12/14/05-Petitioner's letter to Briesacker complaining that the legal material Briesacker sent to the courts had "numerous typos and a missing page," asking that the mistakes be corrected -- he is hoping the copies he received are not what went to court; asking for status update. 12/28/05-Petitioner's letter to Briesacker -- asking for copies of investigation findings; asking why the court sent him a copy of the denial of his habeas rather than going "through the proper channels"; complaining about the superior court decision at certain specific points; asking what Briesacker wants to do now and asking Briesacker to tell him (certain privileged material deleted). 2/22/06-Long letter from Briesacker to petitioner - taking umbrage from petitioner's recent letters to Briesacker, stating that certain state and federal laws have "dramatically changed" (giving no hint as to how) in the last year with "serious consequences" for petitioner, also referring to "statues" and saying "there isn't a better legal mind having the articulation in challenging the laws governing this particular type of case than Mr.

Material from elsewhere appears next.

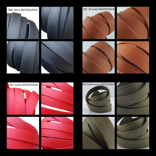 - Wykonane ręcznie, z oryginalnej taśmy BIOTHANE® o grubości ok. 2 mm i szerokości ok. 2 cm.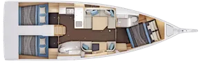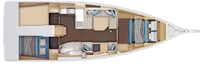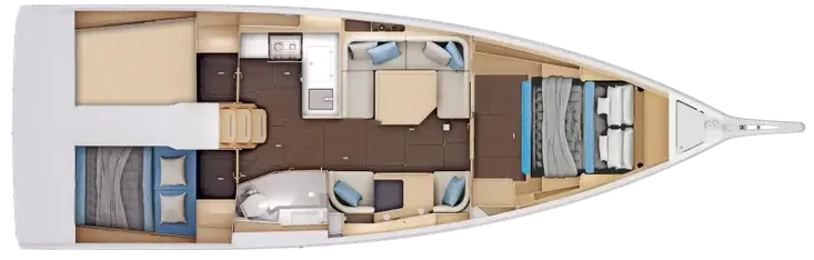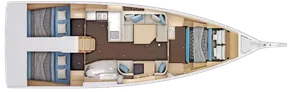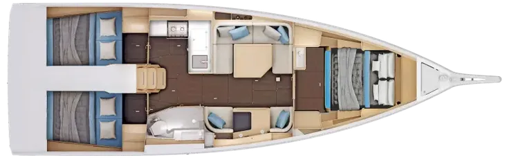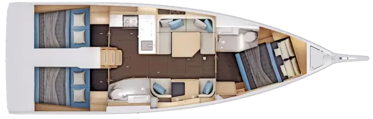 - Completely reimagined interior layout, featuring an L-shaped galley and a unique "two-way" chart table for improved functionality.

Daniel Nelson." (This actually sounds like a letter drafted by Nelson on Briesacker letterhead but this time with Briesacker's name typed in the signature line (unsigned copy)).*fn11

2/22/06-Fax from Nelson to Briesacker saying clerk told him that habeas was denied and he did not know why -- Nelson left message that Briesacker office never received notification/order since 10/18/05 petition filing - Nelson says he said petition deserves hearing -- he is telling the attorney Briesacker that they are entitled to ask the court to reopen for failing to notice counsel and says they can file a "motion for cause" and reattach petition for "re-review"; Nelson says he is working on the motion and should have it done by the next day. 2/25/06-Note to Sacramento County Superior Court Judge Fall from Nelson apparently enclosing motion to re-open. 4/13/06-Briesacker to petitioner - informing petitioner that the petition to superior court was denied, enclosing decision - tells petitioner it's a standard denial with no sympathy from court for case, but Briesacker believes IAC claim valid -- Briesacker expresses great disappointment in petitioner's attitude (privileged portion deleted). 9/3/06-Petitioner to Briesacker - petitioner says he told parents that Briesacker and Nelson have dropped him and his appeal, a position that does not square with conversation in 2 attorney visits involving all 3 and with which petitioner disagrees -- petitioner says he does not have any files or records only an early rough draft of final writ -- seeks "urgently" to be provided with all material, specifically the writ so he can go to state court of appeals "and preserve my right to interval tolling." Petitioner states "as you know, there is the AEDPA"--(the first and only reference to that time limitation referenced); petitioner is anxious to proceed "on appeal in a timely manner"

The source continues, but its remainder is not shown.